Pictures stay out of the answer, but every line of the material must be restated exactly.

== Exercise data

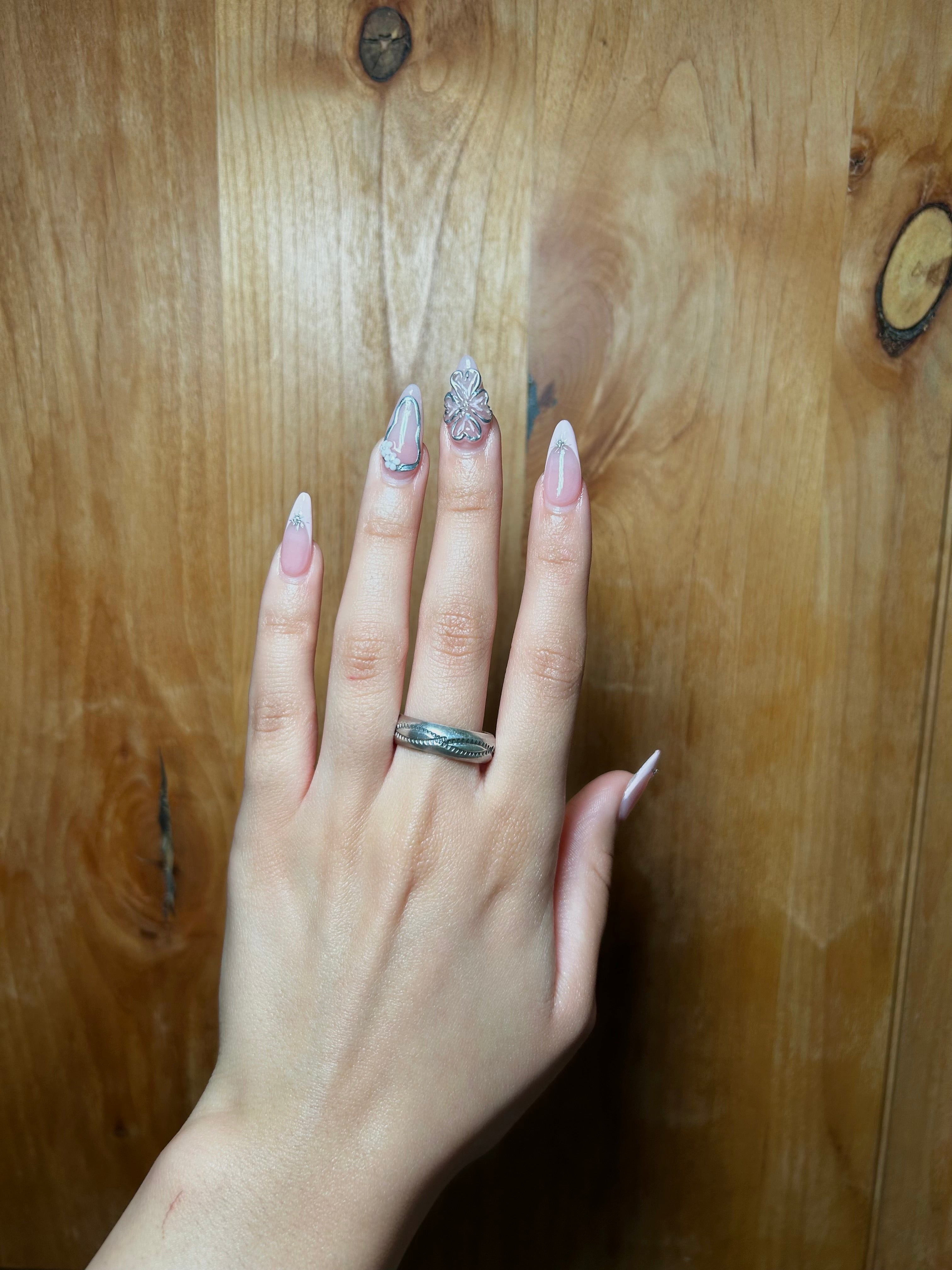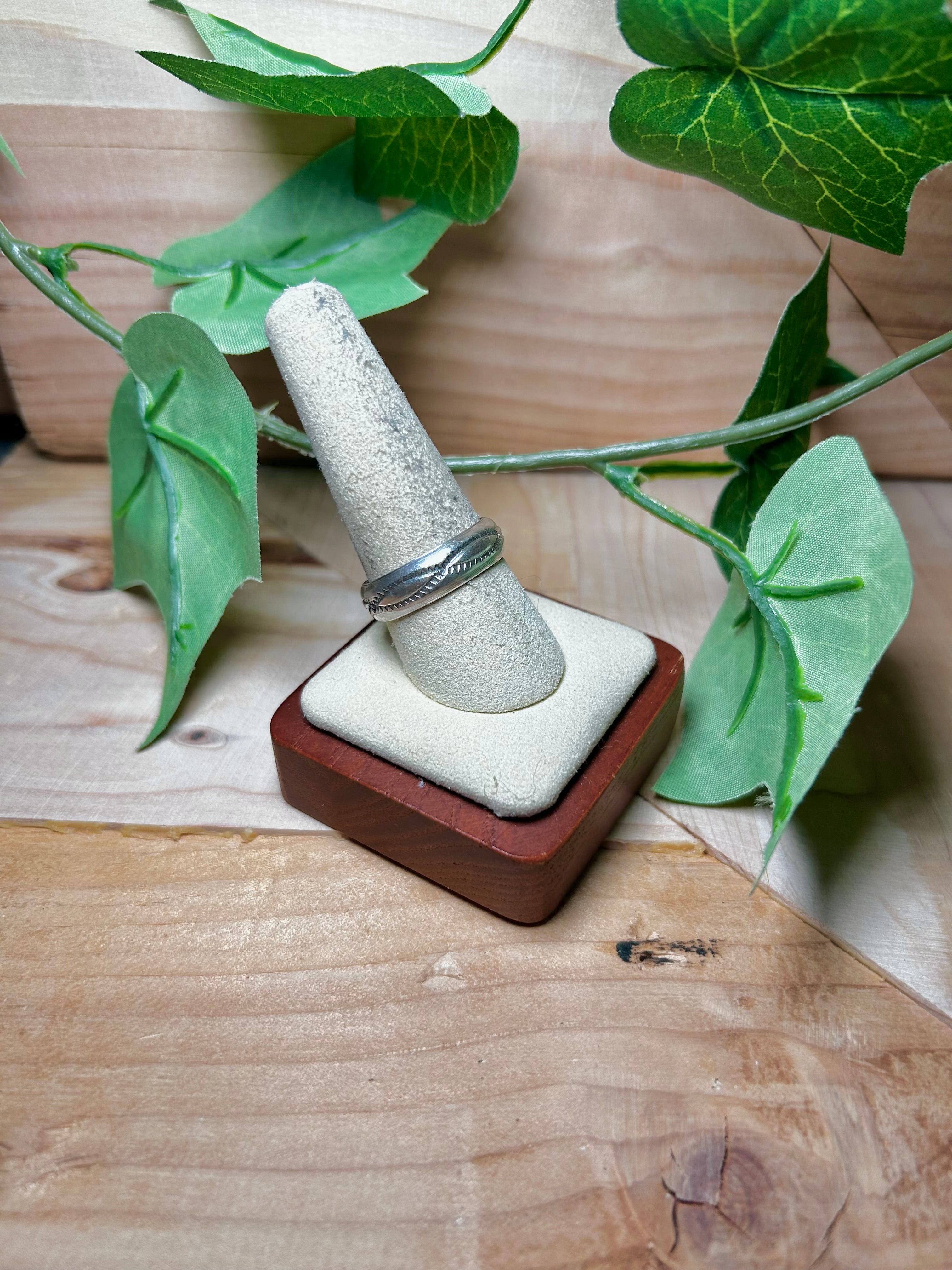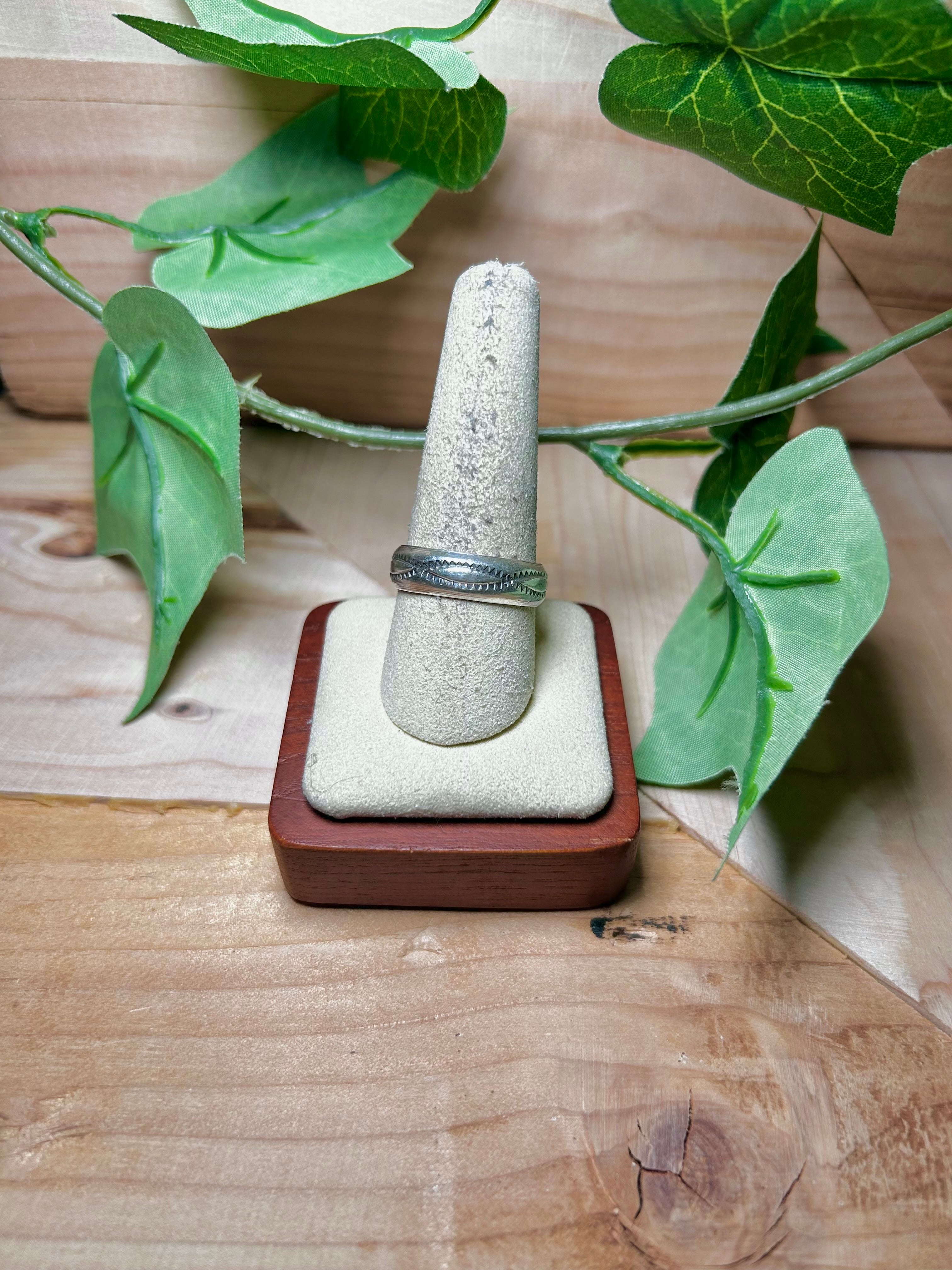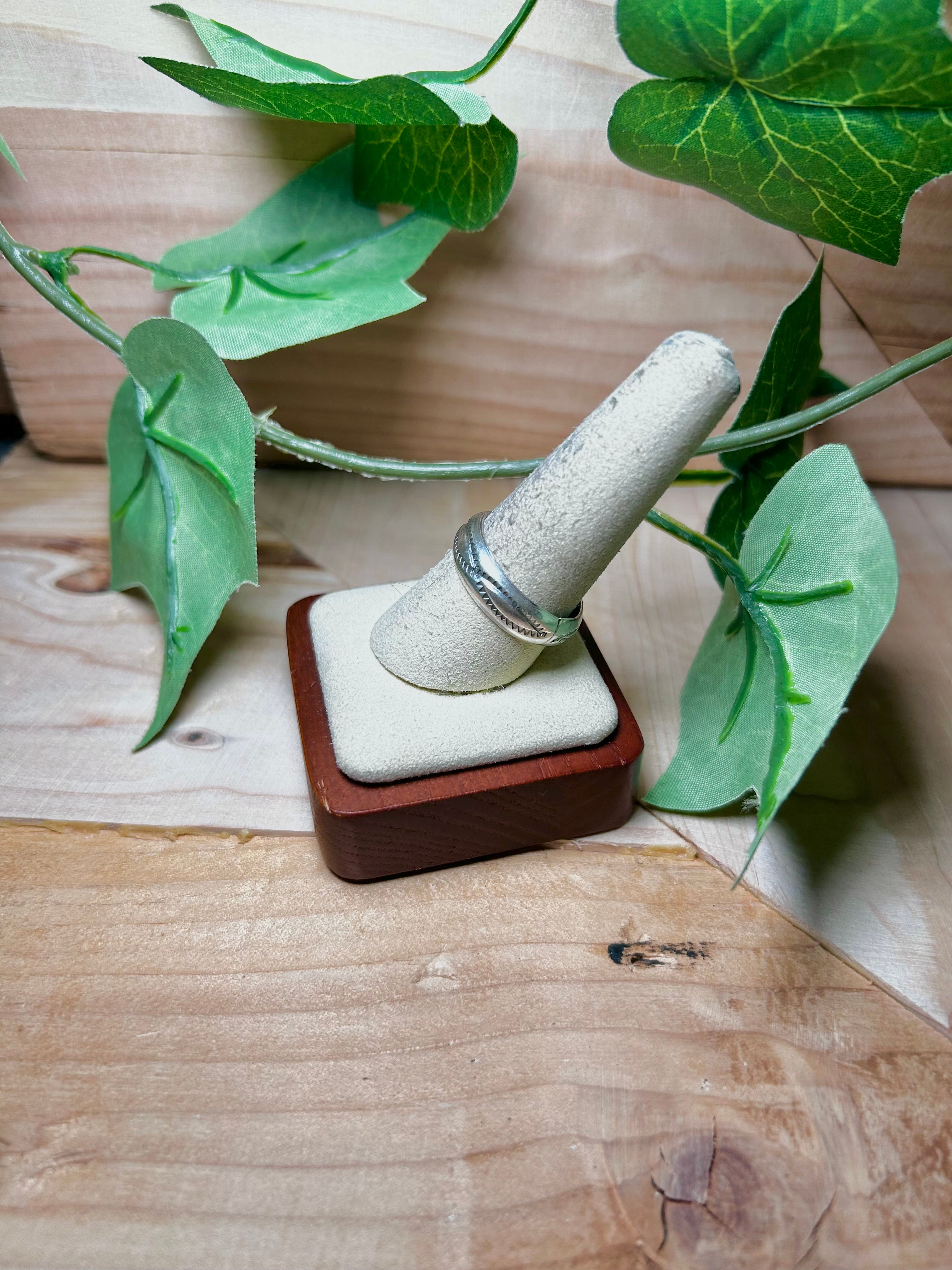 Navajo Made Sterling Sliver Cluster Ring Size 10. It measures 1/4 of an inch long and 5/8 of an inch wide. Signed by the artist and stamped sterling silver.
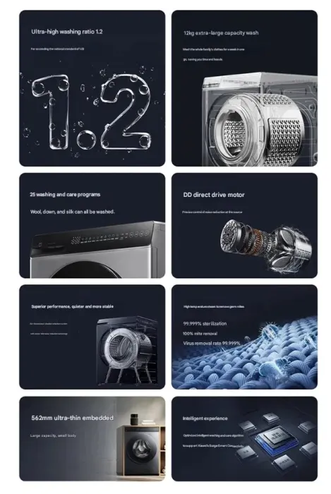 Το νέο πλυντήριο ρούχων Xiaomi Mijia 12 κιλών έχει αναλογία πλύσης 1,2, πολύ υψηλότερο σε σύγκριση με το εθνικό πρότυπο που έχει ορίσει η Κίνα στο 1,03. Αυτό επιτεύχθηκε με την υιοθέτηση ενός πρόσφατα σχεδιασμένου τρισδιάστατου συστήματος ροής νερού που μπορεί να εξισορροπήσει την πίεση του νερού στις επιφάνειες του υφάσματος. Το μοντέλο χρησιμοποιεί επίσης έξυπνες μεθόδους ανίχνευσης φορτίου για να προσαρμόζει την ταχύτητα πλύσης, τη στάθμη του νερού και τη μηχανική κίνηση ανάλογα με το βάρος και το υλικό των ρούχων.
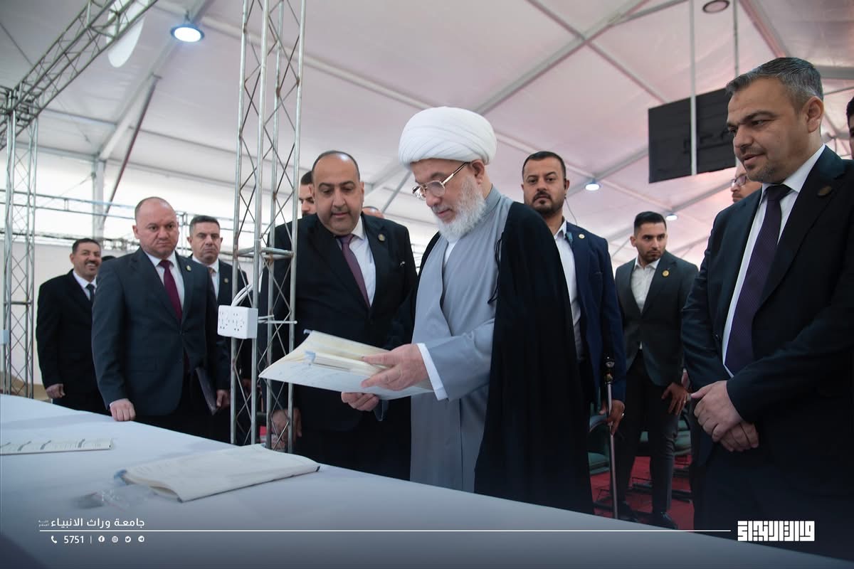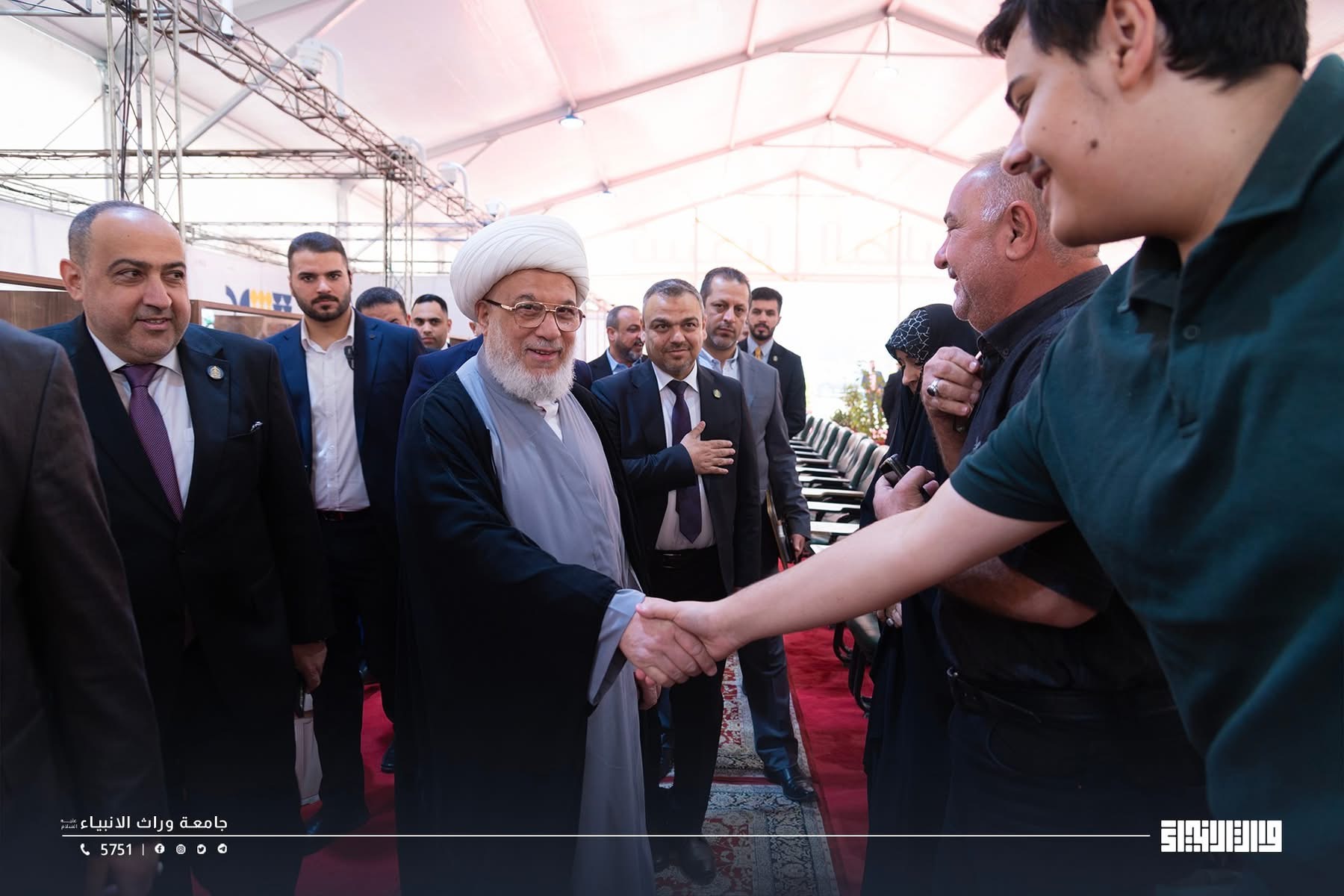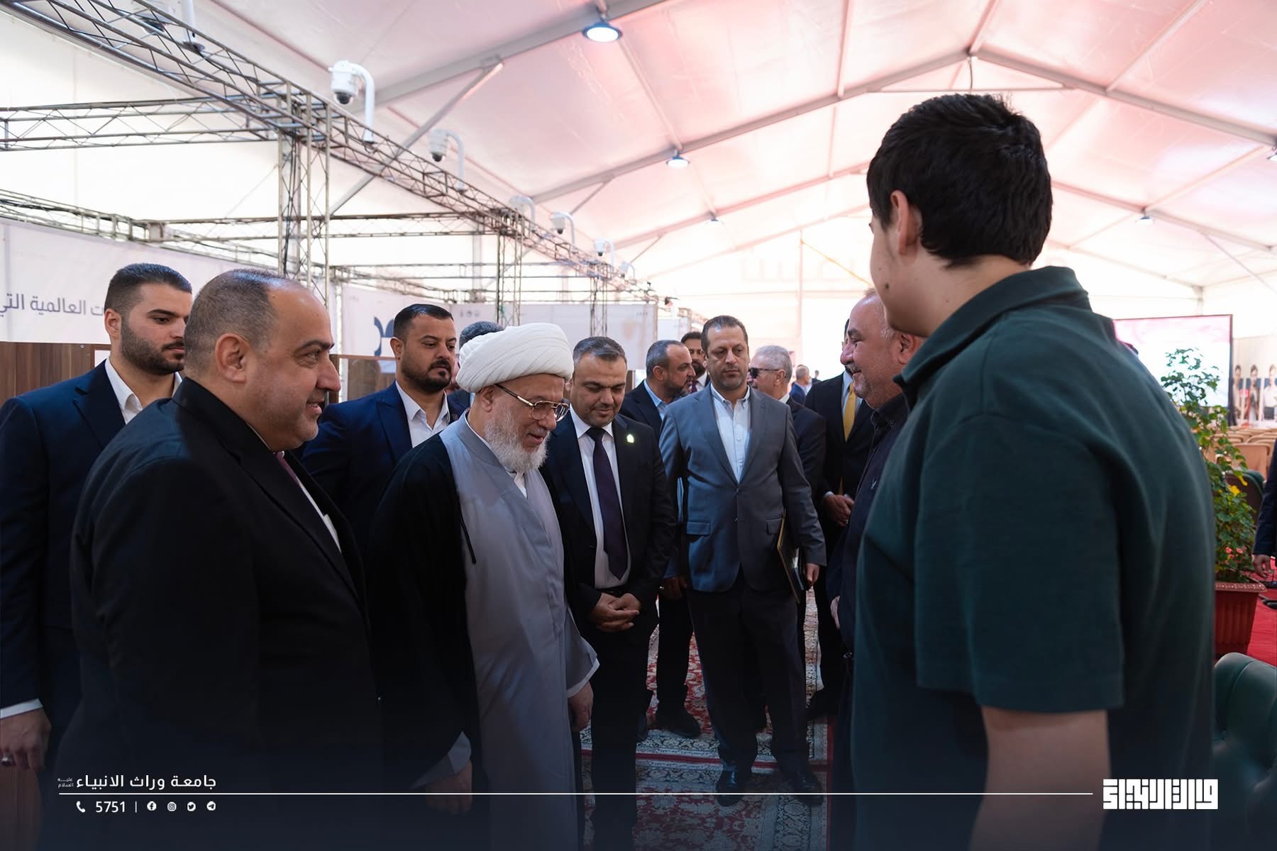 The representative of the Supreme Religious Authority, His Eminence Sheikh Abdul Mahdi Al-Karbalai ,visits the registration tent at Warith Al-Anbiyaa University

====

### Written solution:
 Navajo Made Sterling Sliver Cluster Ring Size 10. It measures 1/4 of an inch long and 5/8 of an inch wide. Signed by the artist and stamped sterling silver.
 Το νέο πλυντήριο ρούχων Xiaomi Mijia 12 κιλών έχει αναλογία πλύσης 1,2, πολύ υψηλότερο σε σύγκριση με το εθνικό πρότυπο που έχει ορίσει η Κίνα στο 1,03. Αυτό επιτεύχθηκε με την υιοθέτηση ενός πρόσφατα σχεδιασμένου τρισδιάστατου συστήματος ροής νερού που μπορεί να εξισορροπήσει την πίεση του νερού στις επιφάνειες του υφάσματος. Το μοντέλο χρησιμοποιεί επίσης έξυπνες μεθόδους ανίχνευσης φορτίου για να προσαρμόζει την ταχύτητα πλύσης, τη στάθμη του νερού και τη μηχανική κίνηση ανάλογα με το βάρος και το υλικό των ρούχων.
 The representative of the Supreme Religious Authority, His Eminence Sheikh Abdul Mahdi Al-Karbalai ,visits the registration tent at Warith Al-Anbiyaa University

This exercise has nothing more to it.